Teaching the graduate course to the amazing professionals in Vermont also reminded me of the time commitment required to adequately deliver a standards-based grading system. This, in some ways, worries me. If teachers are mandated to work within a standards-based system, as I hope they are, it is essential that administration and school board members understand the time commitment required to do so effectively. For example, in the class I taught, when students demonstrated their learning was a 2 (beginning/emerging evidence of learning) they were, as they should have been, granted additional time to demonstrate higher levels of learning. In other words, they were encouraged to redo the assignment or submit additional evidence that better demonstrated their understanding. Consequently, more time was needed on my part because I had additional assignments rolling in that had to be graded as students became very motivated to demonstrate learning at a proficient level. It also reminded me that collecting student evidence early on is critical so that I can best guide my instruction and can give them reasonable amount of time to demonstrate learning if they learn in a way that requires more time. Finally, large class sizes must be addressed if physical education teachers are expected to shift to a standards-based system. It simply won't be possible for PE teachers to carry current numbers and provide the feedback and opportunities to demonstrate learning required within a standards-based system.

More time and effort was also required to fully explain and support the concerns around how exceptional work must be in order to represent a level four. Jo Bailey worded it so well while at my house last week,

"Grade inflation has been mad for years now and there is so much work to do to implement a standards-based system because of it."

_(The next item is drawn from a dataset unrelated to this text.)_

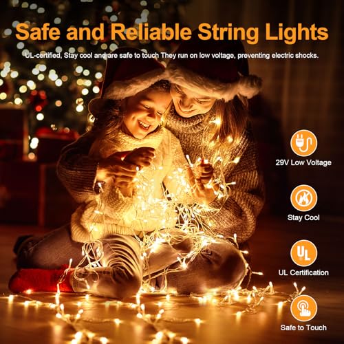 Upgraded Christmas Tree Lights: JIXXULVU Plug in LED Christmas lights are made with high-quality copper wire, PVC-enhanced cords, and LED bulbs to improve durability. LED bulbs save up to 90% more energy than traditional bulbs
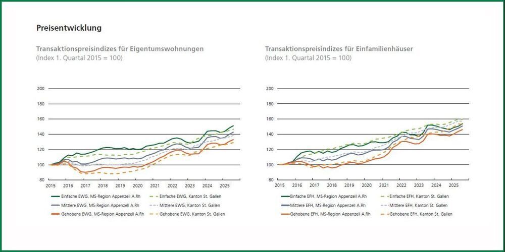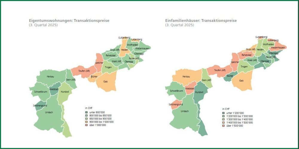 Im Verlauf der vergangenen zwölf Monate hat die Preisentwicklung bei Einfamilienhäusern in Appenzell Ausserrhoden wieder spürbar an Dynamik gewonnen. Die Transaktionspreise stiegen im 3. Quartal 2025 um 4,7 Prozent gegenüber dem Vorjahr, nachdem im Jahr 2024 noch ein leichter Rückgang verzeichnet wurde. Ein neuwertiges Einfamilienhaus mittlerer Grösse kostet inzwischen rund 1,5 Millionen Franken. Die Preise für Eigentumswohnungen setzten ihren dynamischen Aufwärtstrend fort und stiegen gegenüber dem Vorjahresquartal um 4,2 Prozent.

(Don't you love how the British use the word mad?) 

When you shift to this system and your most athletic student may not be demonstrating evidence of learning, or someone who used to always bring his/her shoes and participate but is truly at a beginning level of mastery related to her/his skills, you will receive push-back. Home will be calling and students will be questioning. For far too long, physical education teachers have given grades that have nothing to do with learning - and everything to do with bringing sneakers and participating. I never received a high grade in math for bringing my textbook, a scribbler, pencil, and calculator, or for attempting answers on my quizzes and tests. It's time that we all commit ourselves to truly supporting students' understanding of the concepts that will best support their physical literacy development. It's so worth it.

I encourage you to host a physical education night at your school to explain standards-based physical education, what it will look like, how lessons will be delivered, how students will be assessed and later graded, etc. As well, send a newsletter, update your website, and send emails home! Whatever form(s) of communication you choose, be sure to tell the parents and guardians that physical education grades will actually mean something and this system will motivate their children. Specific feedback will be given as per clear standards and opportunity to practice within authentic settings. Do not drive yourself crazy by holding off on communication. Reach out and work with the greater community to shift to a system that is better for our students. They deserve it. 

Stay tuned for a future standards-based education post which will be dedicated to our students with special needs!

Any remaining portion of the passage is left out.